» **PROVIDED MATERIAL**
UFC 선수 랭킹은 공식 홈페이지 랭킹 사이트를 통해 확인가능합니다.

---

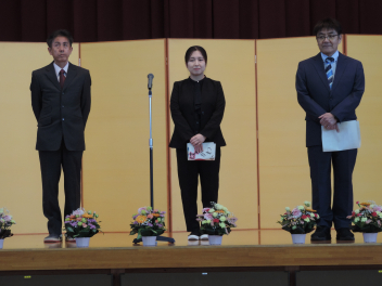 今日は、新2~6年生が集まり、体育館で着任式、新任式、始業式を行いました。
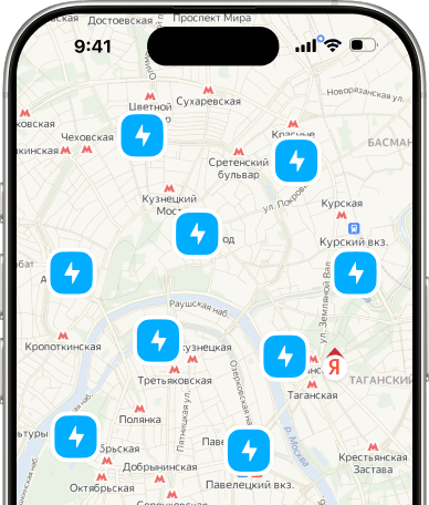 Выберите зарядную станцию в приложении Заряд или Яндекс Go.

» **TASK DESCRIPTION**
Given the records above, return the lines starting at the one that holds "今日は、新2~6年生が集まり、体育館で着任式、新任式、始業式を行いました。" and ending at the one that holds "Выберите зарядную станцию", exactly, and nothing besides; leave every picture out.

» **COMPLETED EXERCISE**
 今日は、新2~6年生が集まり、体育館で着任式、新任式、始業式を行いました。
 Выберите зарядную станцию в приложении Заряд или Яндекс Go.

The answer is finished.